# THE TASK:
What you return should match the listing exactly, minus its images.

# INPUT DATA:

══════════

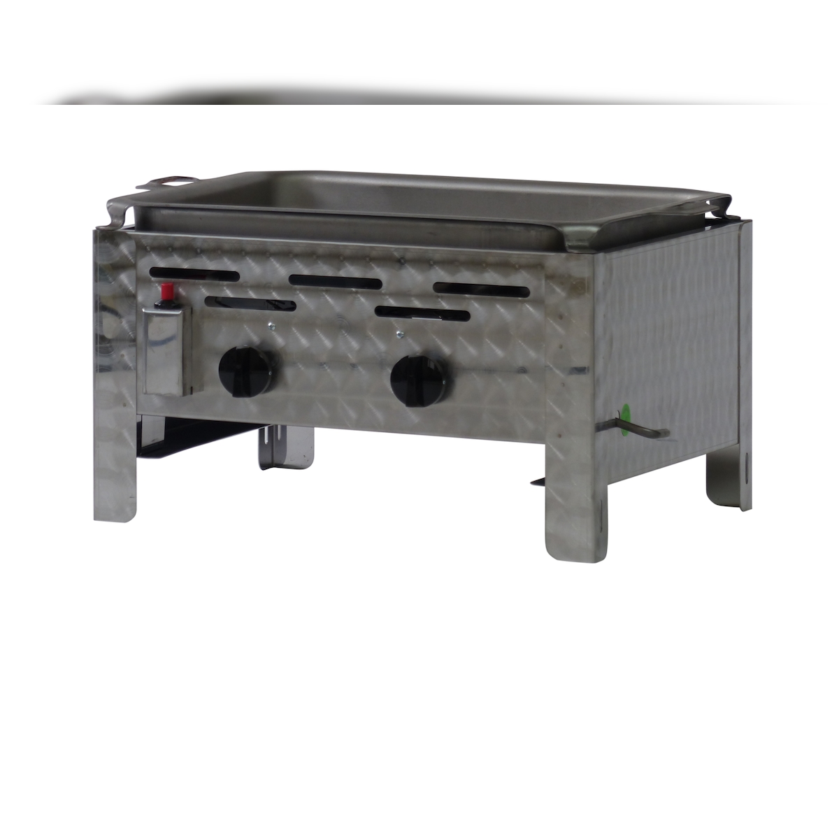 Gastrobräter, 2 Brenner je 4,5 kW, mit Edelstahlpfanne, B 480 mm x T 530 mm x H 270 mm, inkl. Gewerbedruckregler u. Schlauchbruchsicherung
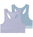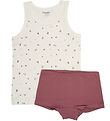 Fine Wheat underwear, consisting of a undershirt and a pair of knickers in dusty purple with a pretty floral print. The Undershirt has narrow shoulder straps and the set has both fine lace and wavy edges.
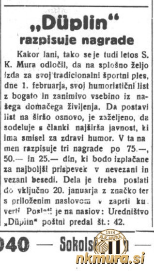 Vodstvo Mure se je odločilo, da tudi letos izda svoj humoristični časopis Düplin. Namenjen je zabavnim in humorističnim člankom iz domačega življenja. V ta namen je klub povabil vse zainteresirane, da časopis sooblikujejo s svojimi prispevki. Klub je razpisal tudi nagrade za najboljše prispevke in sicer 75, 50 in 25 dinarjev. Članke je potrebno poslati do vključno 20. januarja 1940 na naslov Uredništvo Düplin, poštni predal 42. Časopis bo izšel 1. februarja 1940 na tradicionalnem športnem plesu Mure, ki bo potekal pod geslom Planinska noč.
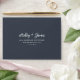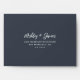 Chic, modern and simple self-addressed RSVP envelope with your names in white elegant handwritten script calligraphy on a dark blue background. Perfect for your wedding! Simply add your names and address. Exclusively designed for you by Happy Dolphin Studio.

══════════

# PROBLEM SOLUTION:
 Gastrobräter, 2 Brenner je 4,5 kW, mit Edelstahlpfanne, B 480 mm x T 530 mm x H 270 mm, inkl. Gewerbedruckregler u. Schlauchbruchsicherung
 Fine Wheat underwear, consisting of a undershirt and a pair of knickers in dusty purple with a pretty floral print. The Undershirt has narrow shoulder straps and the set has both fine lace and wavy edges.
 Vodstvo Mure se je odločilo, da tudi letos izda svoj humoristični časopis Düplin. Namenjen je zabavnim in humorističnim člankom iz domačega življenja. V ta namen je klub povabil vse zainteresirane, da časopis sooblikujejo s svojimi prispevki. Klub je razpisal tudi nagrade za najboljše prispevke in sicer 75, 50 in 25 dinarjev. Članke je potrebno poslati do vključno 20. januarja 1940 na naslov Uredništvo Düplin, poštni predal 42. Časopis bo izšel 1. februarja 1940 na tradicionalnem športnem plesu Mure, ki bo potekal pod geslom Planinska noč.
 Chic, modern and simple self-addressed RSVP envelope with your names in white elegant handwritten script calligraphy on a dark blue background. Perfect for your wedding! Simply add your names and address. Exclusively designed for you by Happy Dolphin Studio.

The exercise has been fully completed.